LISTED ENTRIES:
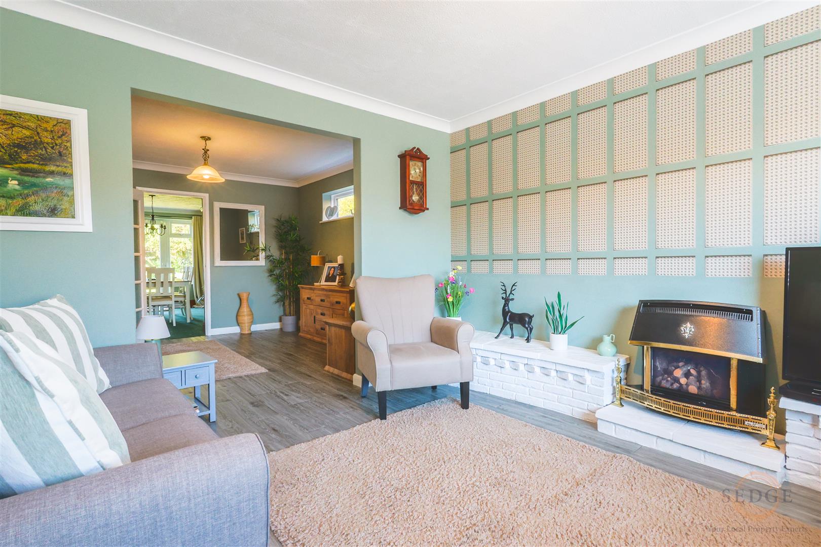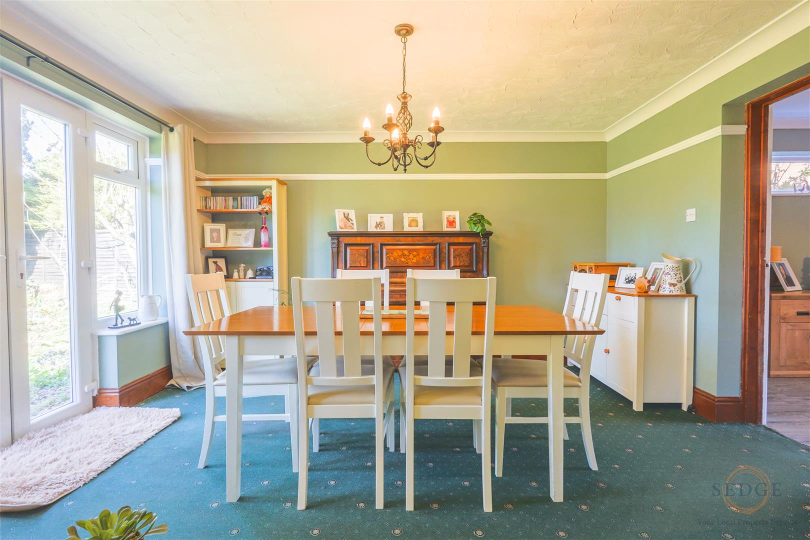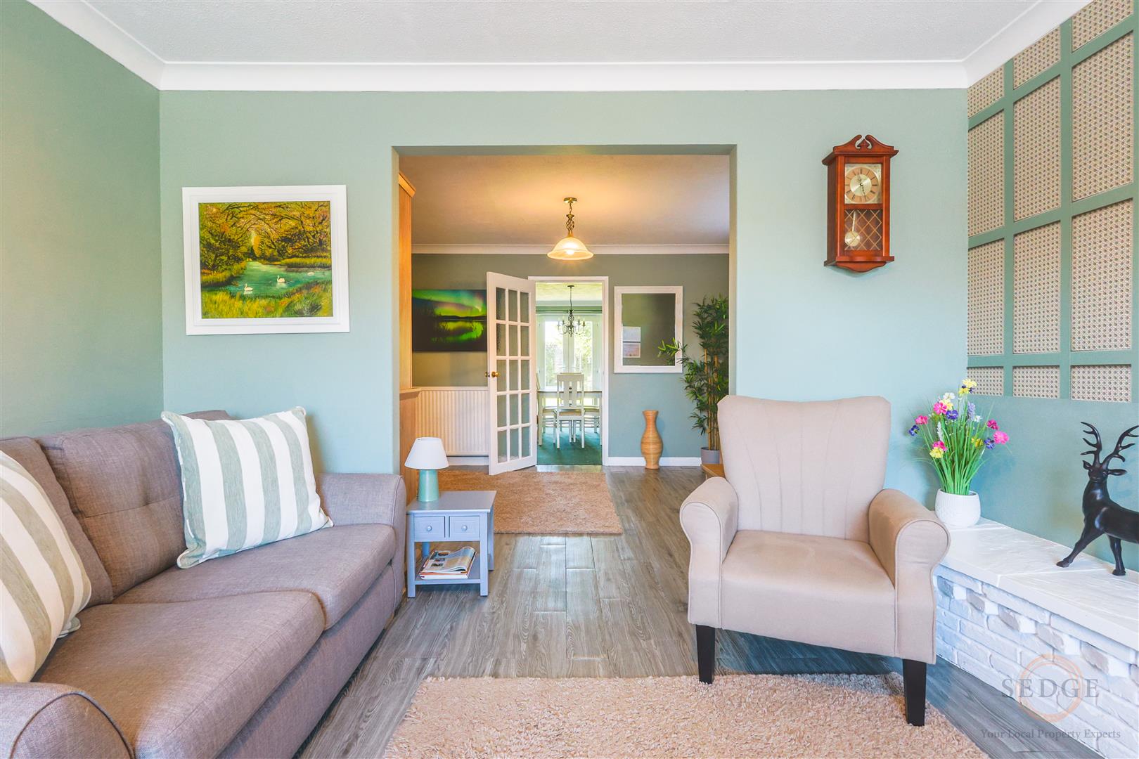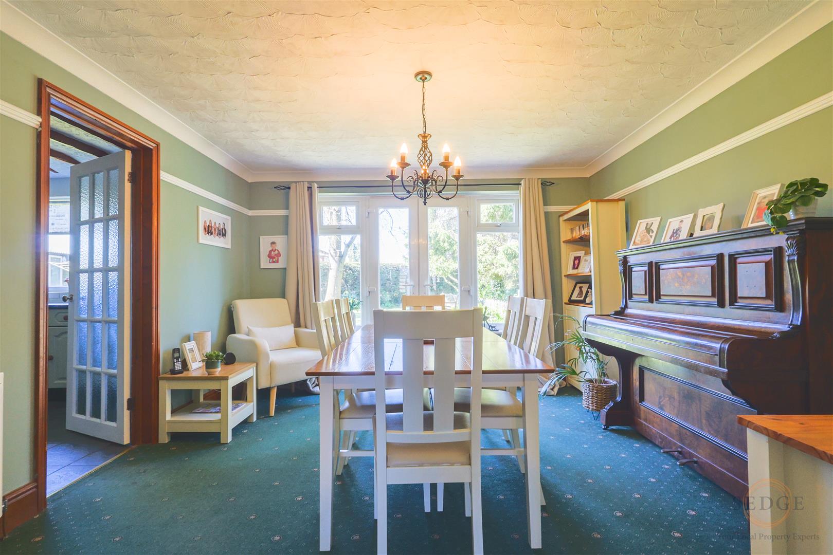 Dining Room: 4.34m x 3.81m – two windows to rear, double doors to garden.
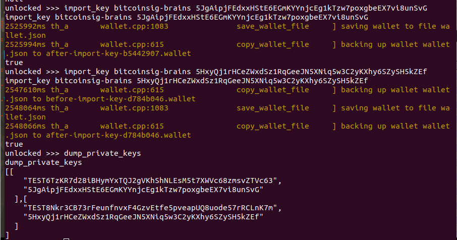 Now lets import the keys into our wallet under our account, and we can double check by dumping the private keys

---

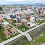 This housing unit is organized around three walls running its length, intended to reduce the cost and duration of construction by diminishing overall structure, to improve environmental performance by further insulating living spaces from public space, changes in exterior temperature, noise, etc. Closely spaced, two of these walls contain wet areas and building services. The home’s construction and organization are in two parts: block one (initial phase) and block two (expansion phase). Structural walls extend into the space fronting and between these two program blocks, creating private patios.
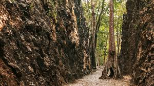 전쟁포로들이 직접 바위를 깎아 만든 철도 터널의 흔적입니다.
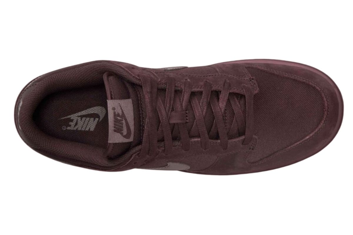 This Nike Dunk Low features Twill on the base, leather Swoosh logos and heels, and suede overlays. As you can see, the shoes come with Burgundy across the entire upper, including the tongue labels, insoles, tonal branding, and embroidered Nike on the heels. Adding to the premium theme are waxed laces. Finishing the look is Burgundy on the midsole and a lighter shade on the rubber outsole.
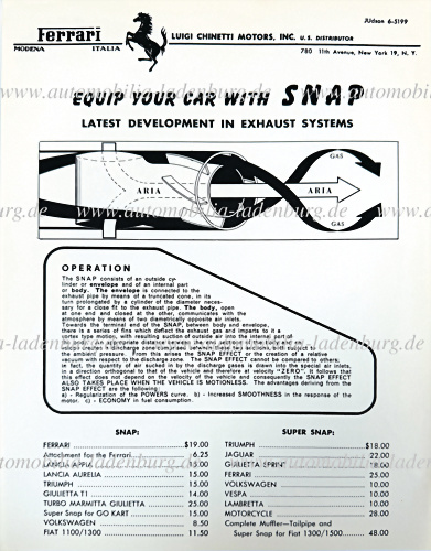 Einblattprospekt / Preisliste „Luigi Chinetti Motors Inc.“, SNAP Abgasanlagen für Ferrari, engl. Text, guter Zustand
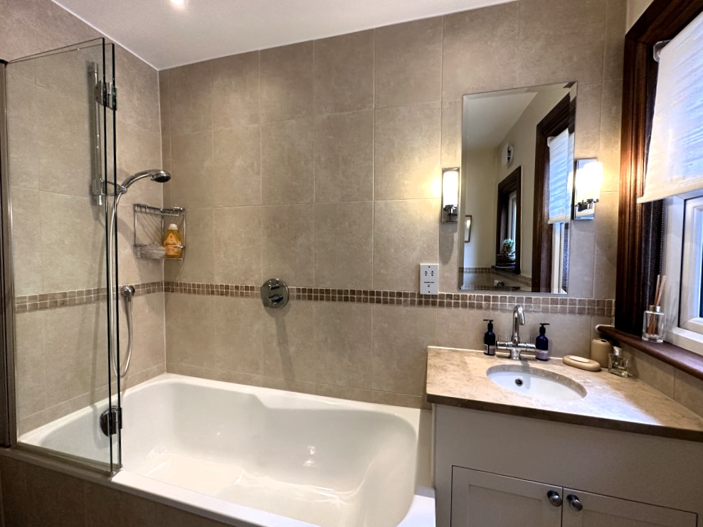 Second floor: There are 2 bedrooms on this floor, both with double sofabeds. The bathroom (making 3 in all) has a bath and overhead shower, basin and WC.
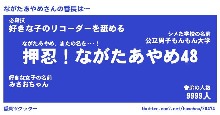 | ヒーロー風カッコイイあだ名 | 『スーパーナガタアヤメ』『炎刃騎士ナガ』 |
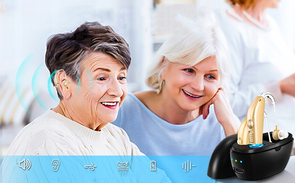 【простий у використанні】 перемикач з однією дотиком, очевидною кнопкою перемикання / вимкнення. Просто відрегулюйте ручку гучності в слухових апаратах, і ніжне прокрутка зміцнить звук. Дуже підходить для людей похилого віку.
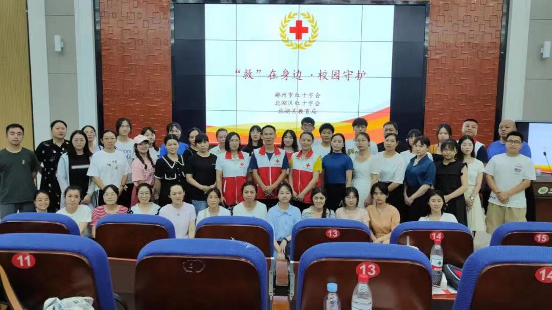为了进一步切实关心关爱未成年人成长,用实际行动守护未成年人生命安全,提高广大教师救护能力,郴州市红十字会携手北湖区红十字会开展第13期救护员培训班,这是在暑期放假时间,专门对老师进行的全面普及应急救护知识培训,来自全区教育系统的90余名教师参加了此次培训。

ACTIVITY: Give again the lines of the listing above that run from the one with "Dining Room: 4.34m" up to and including the one with "Now lets import". Keep them exact and omit the pictures.

RESULT OF THIS EXERCISE:
 Dining Room: 4.34m x 3.81m – two windows to rear, double doors to garden.
 Now lets import the keys into our wallet under our account, and we can double check by dumping the private keys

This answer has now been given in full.